The more I get into this bread thing, the more I am convinced the long held and wide spread belief that bread making is time-consuming, tedious, and a chore is really an old wives tale.  Personally, I think it is very easy, and kinda fun.  Now, if your microwave idea speeds up the rising time, tat will further simplify the process.


----------



## mudbug (Sep 27, 2004)

I agree, oldcoot.  Don't make much bread myself, but the few times I have I found it enjoyable and relaxing, with usually pretty good results.
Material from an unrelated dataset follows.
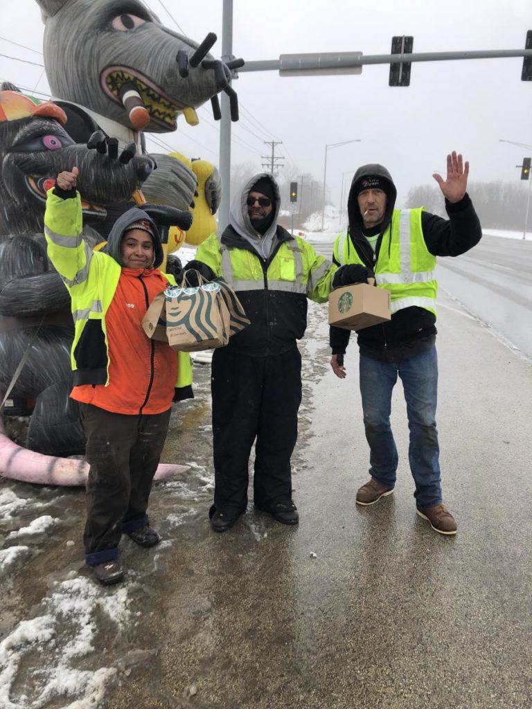 Braving the weather and showing support were: Left to right: Rose P. Rodriguez, Local 54 Erica Ramos, Local 54; Suzanne Ness, District 2 McHenry County Board Members; Mary Sizer, Local 58; Derek Iwaniuk, Business Representative, Local 1889; Patrick Rhea, Local 250; Ryan Tiffany, Local 1889; Monty Hayes, Local 250; Steve Ortega Hughes, Local 1889; Wesley Wisz, Local 1889; Magali Castro, Local 1889 and Kevin Sipple, Local 1889. A big shout-out to passerby “Christina” who sent sandwiches and drinks by Uber Eats to the crew on site – how nice! Thank you for your support! Thank you all for such a great turnout!

Just think back to the pioneer days. With all the other stuff those women had to do in and out of the kitchen, they still managed to crank out the daily bread.  No worries about moisture content, right amount of yeast, etc.


----------



## Audeo (Sep 28, 2004)

Just a note of thanks here.  Goodweed, OldCoot...I have really gained a lot from you in this post.  I make bread often (3-4 times a week) and you have helped me more in this discussion than you know.  Thank you!


----------



## Chief Longwind Of The North (Sep 29, 2004)

In the short time I've known and shared recipes on this site, I have found extraordinary people with open and quick minds.  I do well with bread, but am not as good as I'd like to be.  Sometimes, as with the pigs in the blanket, the bread comes out very good.  Other times, I have been stuck with very heavy, even plastic textured bread (expecially when trying to make low-wheat varieties).

Multi-grain breads come out pretty good.

And as I stated in my post, the key part of the process for me was the stickiness of the dough.  That textile feel ldt me know that there was enough moisture in the doug.  Also, I measured about three tbs. oil per cup of flour to insure a moist final product.  The raw dough texture info was given me by Old Coot in his posting.  At one time, I knew that.  But over the years, I forgot.

And Audeo, you are very welcome.

Seeeeeya; Goodweed of the North


----------